Alle cosche servono sì gli spiccioli, ma soprattutto un segno di riconoscimento della loro “signoria territoriale” (Umberto Santino). Senza contare la funzione erogatoria di denaro che le casse dei mafiosi sono in grado di esercitare quando le banche chiudono i rubinetti. E pazienza se i prestiti vengono concessi a tassi d’interesse usurari.
Perfino sul piano culturale – intendo della mentalità dominante, dei parametri di giudizio e di comportamento – il sistema mafioso, pur accusando indubbi regressi, può vantare un bilancio positivo. Meno di un anno fa ho appreso dalla stampa locale che un mio vicino di casa, in lite con l’inquilino, ha proposto una serie di incontri conciliatori pre-giudiziari nello studio di un noto commercialista. Le trattative hanno dato buon esito: il proprietario non ha affrontato le spese di riparazione richiestegli e il locatario potrà pagare la metà della mensilità a suo tempo concordata. Piccolo particolare: i due contraenti si erano presentati agli incontri accompagnati, ciascuno, da un boss di rilievo. Commento delle autorità giudiziarie: “Se nel 2021 la borghesia ricorre ancora a questo genere di intermediazione, che speranze abbiamo per l’immediato futuro?”.

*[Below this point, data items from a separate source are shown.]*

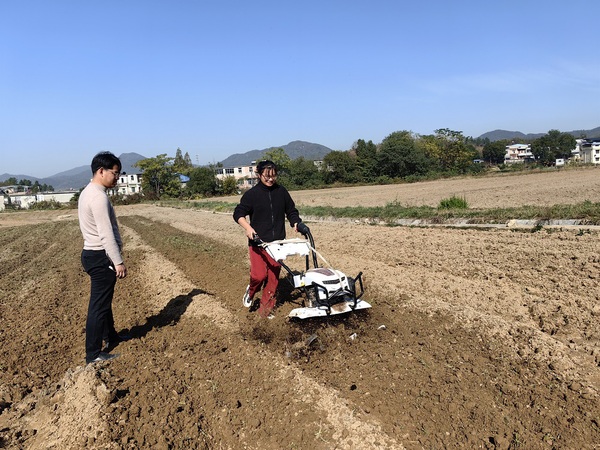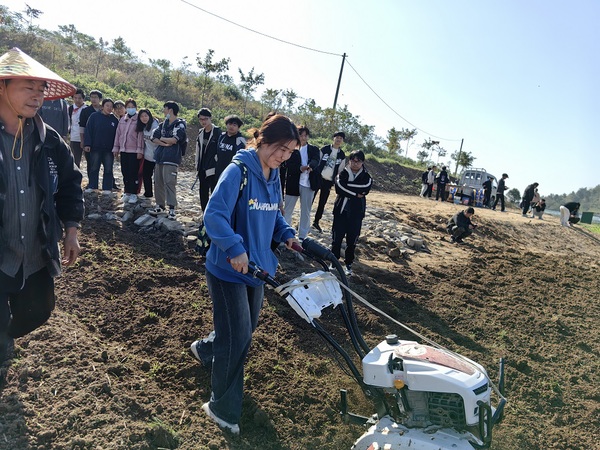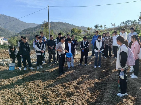 11月18日,农林与服装学院植物保护与检疫专业62名学生在专业教师的带领下,前往安庆市周边的大龙山镇陇民之家蔬菜种植基地和安庆市农资大市场开展课程实践教学活动。实践教学期间,陇民之家负责人江国总经理向同学们详细介绍了冬季蔬菜种植的情况、有机肥的优势与特点、施肥蔬菜技术和企业对于植物保护与检疫技术专业的用人需求,并与同学们就种植技术进行了深入交流。在种植基地技术人员的指导和安全保障下,同学们进行了基肥的施肥,并纷纷尝试施耕机的使用,将基肥翻入土壤后各组同学完成了蚕豆的种植。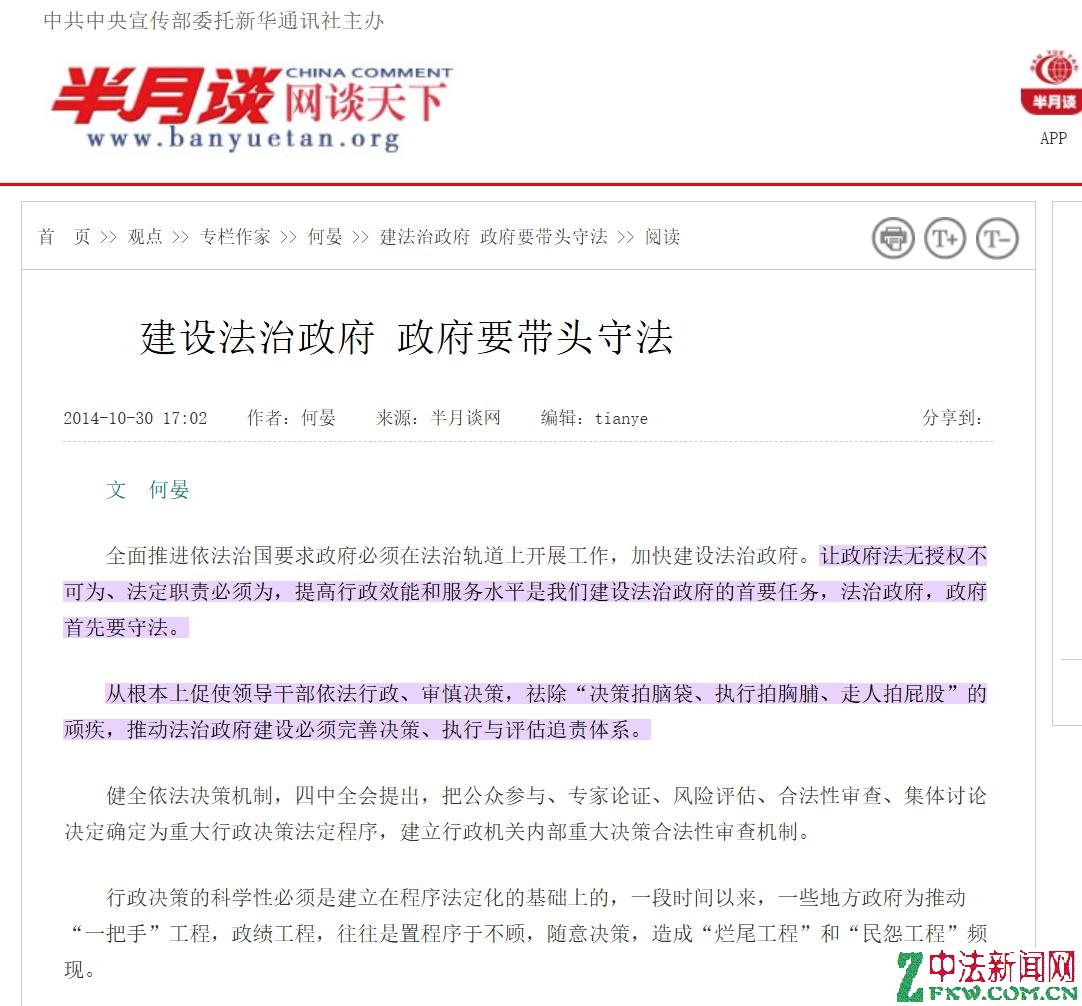 2014年10月《半月谈》杂志即发表了《建设法治政府 政府要带头守法》,文章指出:“让政府法无授权不可为、法定职责必须为,提高行政效能和服务水平是我们建设法治政府的首要任务,法治政府,政府首先要守法。”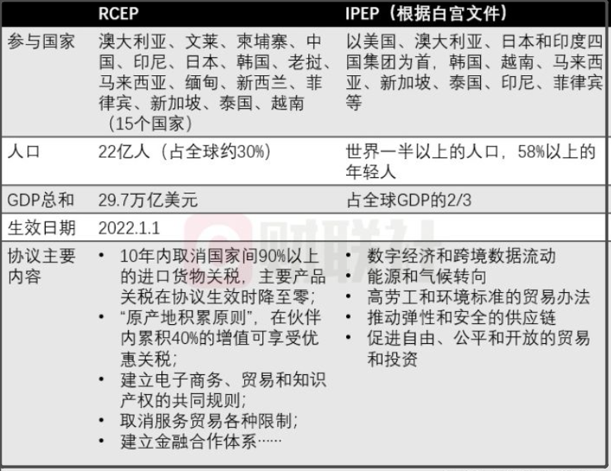 我们可以把IPEF跟RCEP做一个对比,就可以很清楚发现二者的区别。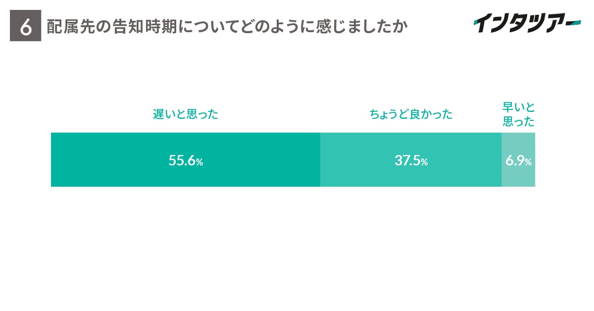 設問6では、配属先の告知時期についてどう感じたか聞きました。過半数の55.6%が「遅いと思った」と回答していました。

"Cosa nostra è un camaleonte", spiega la pm Imbergamo
È cambiato molto, è cambiato poco. È cambiato comunque abbastanza per non demordere, per superare lo scoramento provocato dai tradimenti attuati in questi anni da magistrati e prefetti, parlamentari e medici, professori universitari e imprenditori che, in nome dell’antimafia, hanno guadagnato posti di potere e accumulato denaro illecito. Per non scoraggiarsi leggendo, come in questi giorni, che alcuni funzionari pubblici (tra cui un vice-prefetto) hanno da tempo ottenuto mazzette in cambio dell’assunzione di giovani candidati nei ranghi dei vigili urbani, degli agenti penitenziari e della polizia di Stato.

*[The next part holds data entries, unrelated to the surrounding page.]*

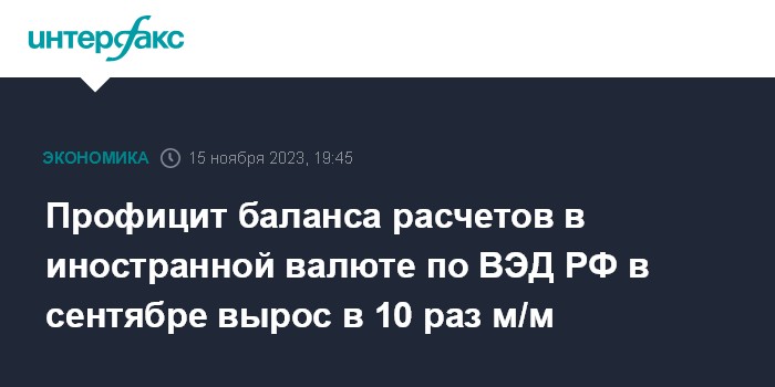 Профицит баланса расчетов в иностранной валюте по ВЭД РФ в сентябре вырос в 10 раз м/м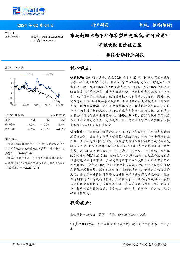 国海证券:非银金融行业周报:市场超跌状态下非银有望率先筑底,进可攻退可守板块配置价值凸显.pdf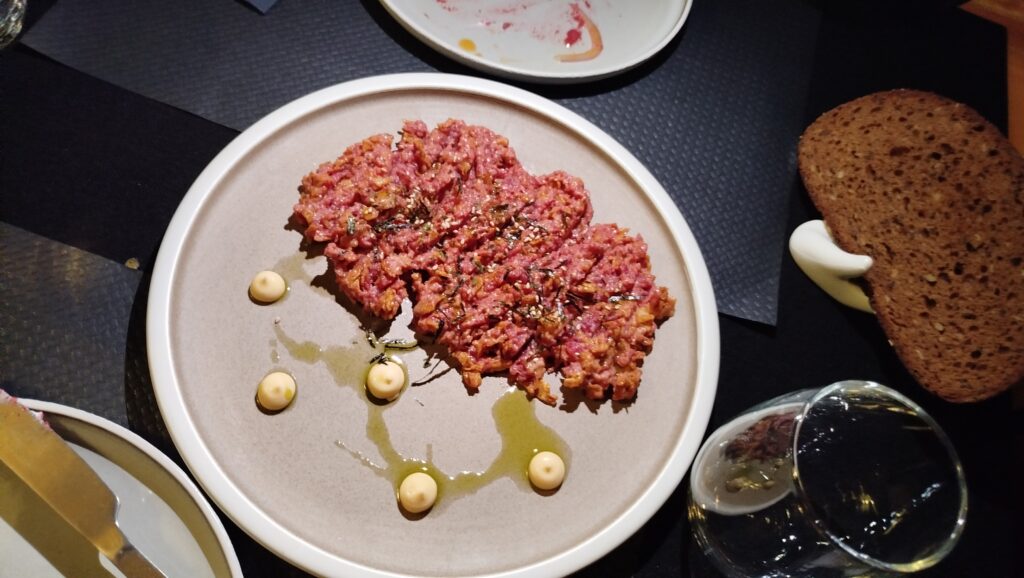 Από τον κατάλογο δεν λείπουν και οι δημοφιλείς ωμοφαγικές συνθέσεις, με παγκόσμιο χαρακτήρα σαν το μαγιάτικο με έναν έξυπνα αρωματικό και δροσερό ζωμό μανταρινιού, βασιλικού και αγγουριού κάθε και οι, επίσης, δημοφιλείς κοπές κρεάτων που κρατούν ένα, σχετικά μικρό, section στο μενού. Η pastry chef Νάντια Μακρυγιάννη παίζει δημιουργικά με συνταγές από το παγκόσμιο ρεπερτόριο όπως ένα banoffee, μια Crème Brulé & μια Black Forest καθώς μετασχηματίζει την παραδοσιακή τους μορφή διακριτικά και με γευστική επιτυχία.

La volontà di persistere in questa faticosa battaglia, dall’esito certo ma dai tempi incerti, pulsa in molte città: a Torino come a Catania, a Milano come a Caserta. Da alcuni anni ha trovato a Palermo, a due passi dalla cattedrale, anche un luogo simbolico che migliaia di cittadini e di turisti hanno già visitato: il No mafia memorial, un museo interattivo della storia della mafia e dell’antimafia nonché laboratorio di continue iniziative di formazione e informazione. Nient’altro che una delle tante piccole luci che, tra delusioni e sconfitte, l’Italia migliore ha provato ad accendere in questi tre decenni. Sulla scia della saggezza orientale secondo cui è meglio accendere una candela che maledire l’oscurità.